Stérin’s more explicitly political interventions were an outgrowth of this
initial philanthropic work, he said.
He
realized his funding would be more effective in a more favorable political and
legislative environment. In 2023, that led him to start Périclès, an
organization that funds and promotes political projects that many associate
with the far right.
It
supports think tanks opposed to immigration and to “woke” ideology; right-wing
media; social media influencers; and groups opposed to Islamism.
Mr.
Stérin does not mind seeing the occasional Islamic head scarf, he said, but he
became convinced that more Muslim customs should be banned in public after
seeing many hijabs while driving through poorer suburbs of Paris. (French state
employees and schoolchildren are already banned from wearing conspicuous
symbols of any religion.)
“If we
don’t do that, France in 50 years would be the first Islamic republic of
Europe, or the second after Belgium,” he said. “I don’t want my country to
become an Islamic republic.”
A major
recipient of Périclès’s money is a training school, Politicae, for aspiring
right-wing municipal politicians (Politicae ignored requests to identify them).
As his
profile grew, Mr. Stérin was targeted by protests, along with projects he
funded.
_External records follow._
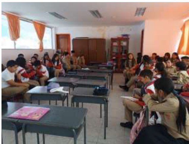
Fotografía 4: Actividad de teatro debate en grupos

Nota: Estudiantes organizados en dos grupos participan en una actividad de teatro debate, representando distintas posturas sobre una situación planteada, lo que favorece la argumentación, el diálogo y el respeto por las opiniones diversas.
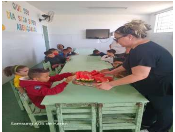
Lanche diário 25/08/25
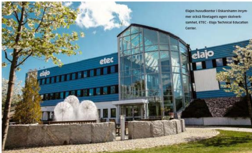
Elajos huvudkontor i Oskarshamn inrymmer också företagets egen skolerksamhet, ETEC - Elajo Technical Education Center.
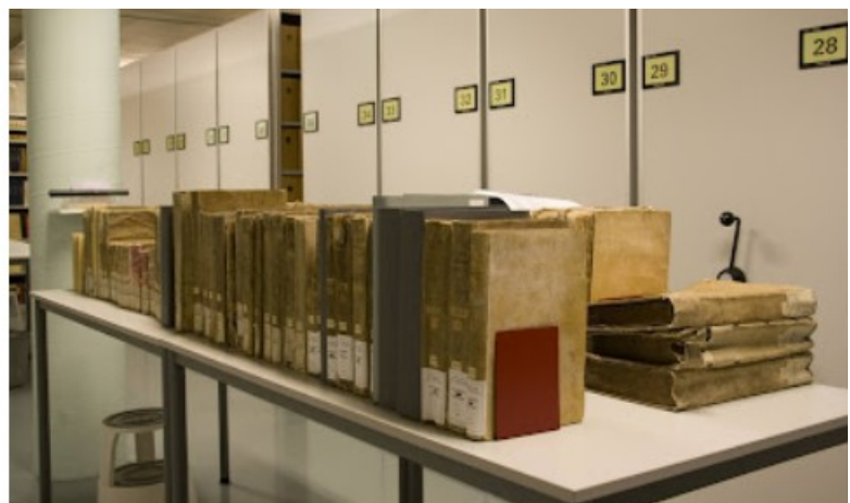
228 banden, 50.000 bladzijden vrijwillige rechtspraak
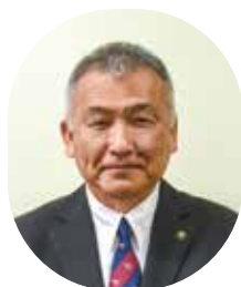
勝山市長 水上 実喜夫
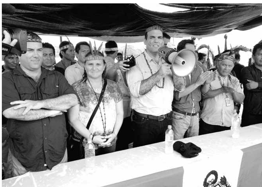
Con los acuerdos firmados en la Mesa de Diálogo Político Intercultural en Saramurillo, Loreto, se logrará el desarrollo sostenible de las comunidades indígenas de las cuencas de Pastaza, Corrientes, Tigre, Marañón y Chambira. Zonas afectadas por los constantes derrames de petróleo.
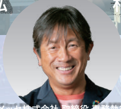
サンメッセ株式会社 取締役 専務執行役員
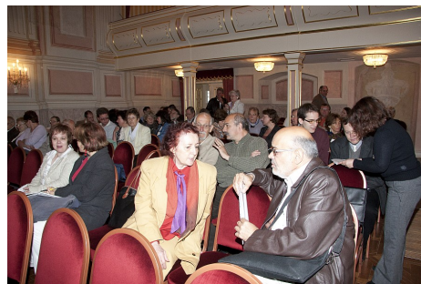
Az ICOMOS XXII. Tisztújító közgyűlése Gödöllőn
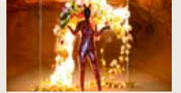
RUNWAY.EXE PETRA 00:02:16
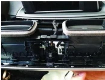
7. Stecker der Luftauslassblende des Originalfahrzeugs abziehen.
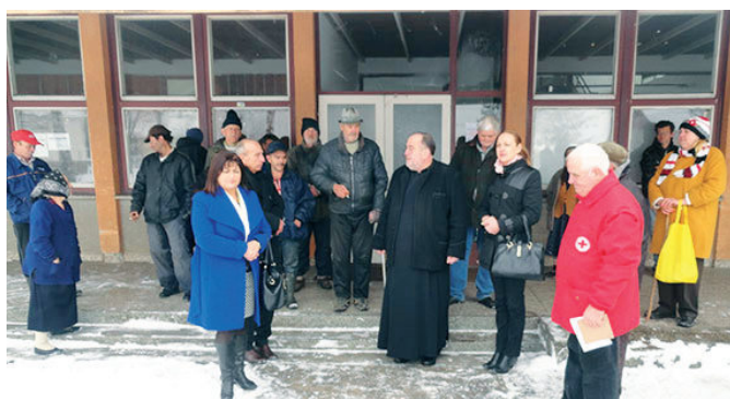
Посјета и помоћ лицима у Колективном центру

Представници општине Модрича сваке године посвећују значајну пажњу корисницима Колективног центра у Доњим Кладарима. У Колективном центру смјештено је 20 корисника, од чега је 17 самаца, двије породице по два члана и једна породица са пет чланова. Седам корисника је из социјално угрожене категорије и због тога користе овај вид смјештаја. Поједини корисници остварују одређена права, и то пет остварују пензију, пет је корисника новчане помоћи Центра за социјални рад и туђе помоћи и
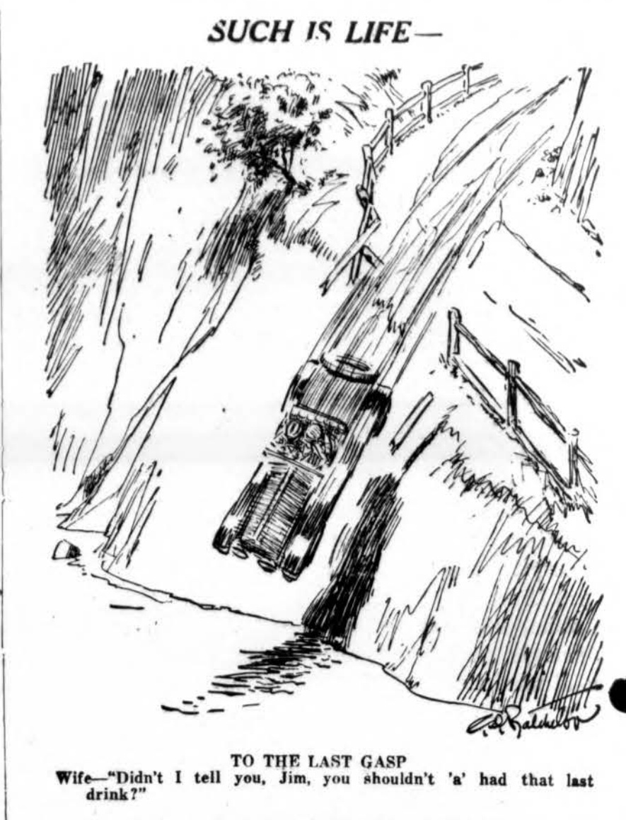
TO THE LAST GASP Wife—"Didn't I tell you, Jim, you shouldn't 'a' had that last drink?"

One recipient of some Périclès money, a restaurant staffed by refugees
and homeless people, had its city permit suspended until it found alternative
funding.
A lack of
transparency and Mr. Stérin’s links to far-right figures have stoked the
distrust. The company’s general manager, Arnaud Rérolle, said it had funded
more than 70 projects; only 22 were listed on its website.
Asked for
its 2025 expenditure, Mr. Rérolle responded, “Many million euros.”
“Like any
private company, we are entitled to a form of discretion,” he said.
Alarmed
by that opacity, French lawmakers started an investigative commission last
month to probe the group and similar private endeavors. They want Mr. Stérin to
testify, said Colombe Brossel, a Socialist senator driving the investigation.
Some
believe Mr. Stérin’s impact is minimal. Mr. Hollande, the former president,
said that Vincent Bolloré, who owns news outlets associated with the far right,
is more influential.
Others
say Périclès could accelerate big shifts.
Mr.
Stérin’s funding for so many municipal candidates potentially gives him outsize
influence over the selection of French senators, said Alice Barbe, a founder of
a program that trains left-wing candidates. In the French electoral system,
local politicians help choose national senators.
“If the
far right enters the Senate, for him, that’s the breakthrough,” she said.
Yet Mr.
Stérin said he has no intention of returning to France any time soon, even if
the far right takes power.
“I will
return to France when I feel that it is a good place to live,” he said, adding,
“In the meantime, I dream more of moving to the United States.”
Ana
Castelain contributed reporting from Paris.
Catherine
Porter
Reporter
covering France
Getting
Pierre-Édouard Sterin to talk to me took months. He is a French enigma: a
patriot living abroad, a devout Catholic who prays just six minutes a day, and
a power player unknown to the Parisian elite. While his brand of billionaire
influence is standard in the U.S., his "metapolitical project" is
radical for France.
Reply
Catherine
Porter is an international reporter for The Times, covering France. She is
based in Paris.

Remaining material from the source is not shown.